You may also notice that the datetime field has been updated to represent when the car was painted blue (or at least when it was reported). You’ll also notice that the entity event also contains all the data that didn’t change. This is intentional, and it actually allows us to do some pretty powerful things with entity events - but we’ll cover that in a bit more detail in Chapter 3.

Similarly to how keyed events each go to the same partition, the same is true for entity events. Figure 1-11 shows an event stream with two events for the FAST 321 - one when it was red (the oldest event), and one while it is blue (the latest event, appended to the tail of the stream).

The producer appends a full entity event whenever an entity is created, updated, or deleted

Entity events are particularly important in event-driven architectures.

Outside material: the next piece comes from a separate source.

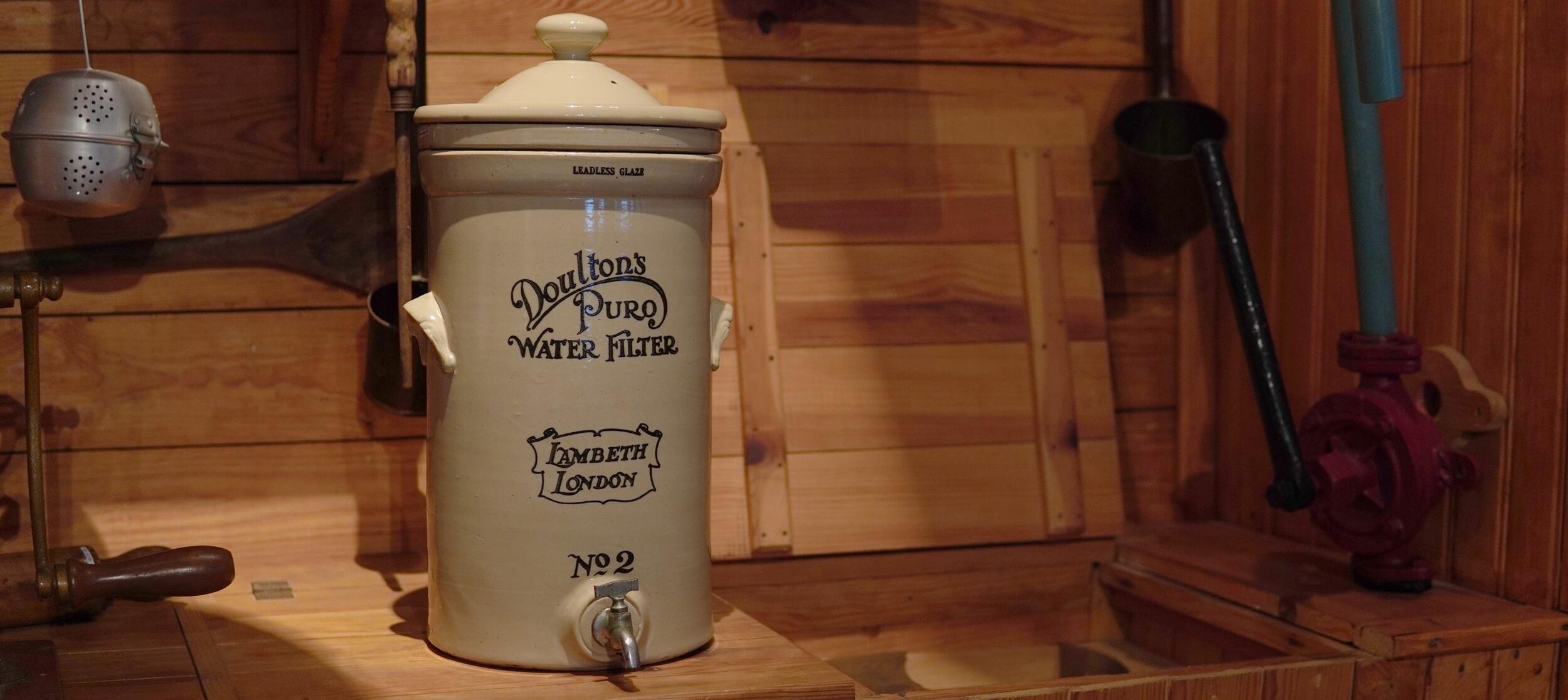 Filtro de água por gravidade, de forma cilíndrica em cerâmica vidrada fabricada em Inglaterra, é constituído por tampa, depósito amovível e caldeira. A tampa apresenta-se em forma de campânula, com aba e aro de encaixe, que na parte superior possui três orifícios e pega em forma de botão achatado. O depósito amovível (filtro), de forma cilíndrica, é constituído por uma aba que encaixa na parte superior da caldeira ficando suspenso; no interior tem duas pequenas pegas que servem para retirar o filtro, visto que, ao centro encontra-se o diatomito (peça porosa que filtra a água). A caldeira tem duas asas laterais ornamentadas e junto à base, na zona frontal, apresenta uma torneira com manípulo, por onde era servida a água.

They provide a continual history of the state of an entity and can be used to materialize state (covered in the next section).

There is more to event design than what we’ve covered in this chapter so far, but we’re going to defer going deeper into that until chapter [Link to Come]. Instead, lets look at how we might use these events that we’ve just introduced to build real world event-driven microservices.

Aggregating State from Keyed Events

An aggregation is the process of consuming two or more events and combining them into a single result. Aggregations are a common data processing primitive for event-driven architectures, and are one of the primary ways to generate state out of a series of events. Building an aggregation requires storing and maintaining durable state, such that aggregation progress is persisted if the service fails. State and recovery are covered in chapter [Link to Come].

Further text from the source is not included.